━━━━━ Source material
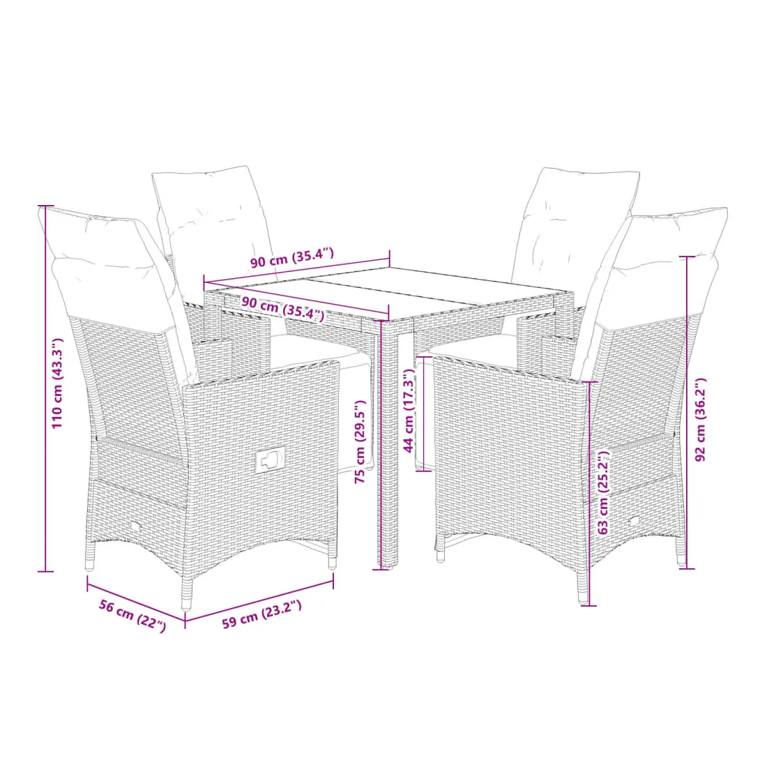 - Dimensions : 90 x 90 x 75 cm (L x l x H)
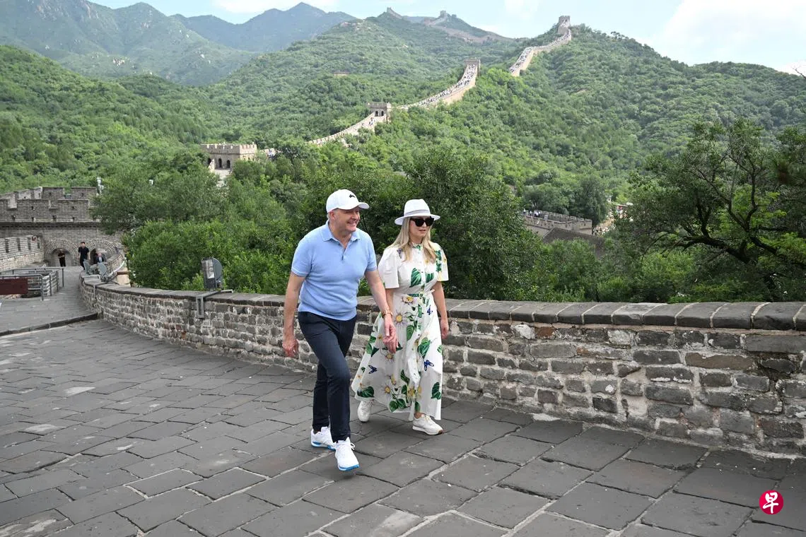 据澳大利亚广播公司(ABC)、路透社等报道,也是澳洲工党领袖的阿尔巴尼斯,星期三与未婚妻海登(Jodie Haydon)登上长城,回顾1973年首位登上长城的澳洲工党总理惠特拉姆(Gough Whitlam)促成澳中建交的历史,期间接受媒体采访。
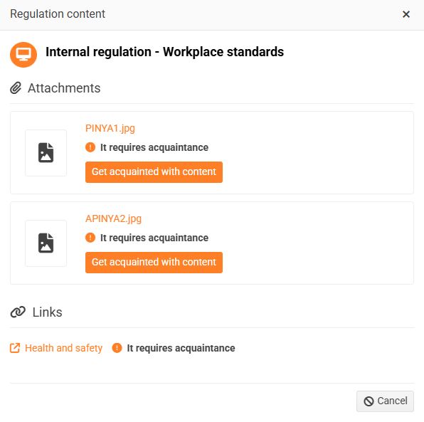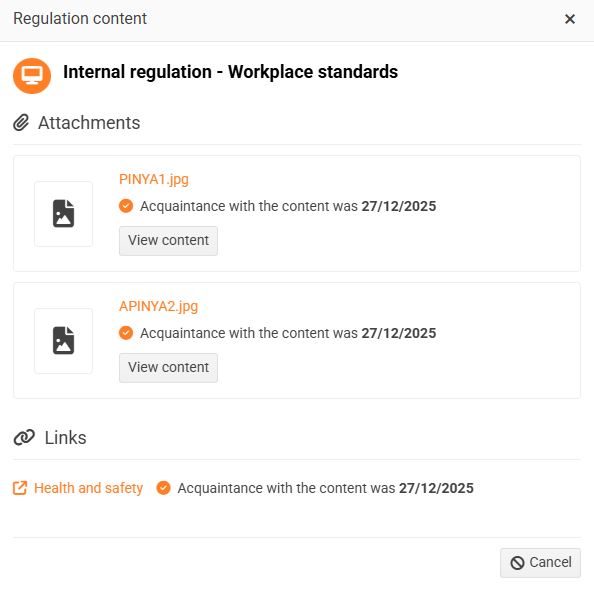 - In the Links section, click on the attached links. The link will automatically open in a new tab. After familiarization, I confirm acquaintance buttons will appear next to each link.
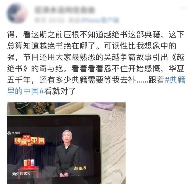 大學時讀的這部書,令總臺臺長記憶深刻。在提議策劃推出《典籍里的中國》第二季時,臺長建議關注《越絕書》這個選題。古越人絕地求生、奮斗不息的精神,值得今人傳承弘揚!
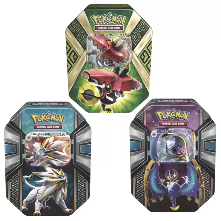 Choose from 3 different assortments: Lunala GX, Solgaleo GX or Tapu Bulu GX, Tapu Koko GX, Marshadow GX or Ho-Oh GX, Dusk Mane Necrozma GX, Dawn Wings Necrozma GX or Necrozma GX.
━━━━━━━━━━
■ **Directions**: Transcribe each entry exactly; images stay out.

■ **Output of the exercise**:
 - Dimensions : 90 x 90 x 75 cm (L x l x H)
 据澳大利亚广播公司(ABC)、路透社等报道,也是澳洲工党领袖的阿尔巴尼斯,星期三与未婚妻海登(Jodie Haydon)登上长城,回顾1973年首位登上长城的澳洲工党总理惠特拉姆(Gough Whitlam)促成澳中建交的历史,期间接受媒体采访。
 - In the Links section, click on the attached links. The link will automatically open in a new tab. After familiarization, I confirm acquaintance buttons will appear next to each link.
 大學時讀的這部書,令總臺臺長記憶深刻。在提議策劃推出《典籍里的中國》第二季時,臺長建議關注《越絕書》這個選題。古越人絕地求生、奮斗不息的精神,值得今人傳承弘揚!
 Choose from 3 different assortments: Lunala GX, Solgaleo GX or Tapu Bulu GX, Tapu Koko GX, Marshadow GX or Ho-Oh GX, Dusk Mane Necrozma GX, Dawn Wings Necrozma GX or Necrozma GX.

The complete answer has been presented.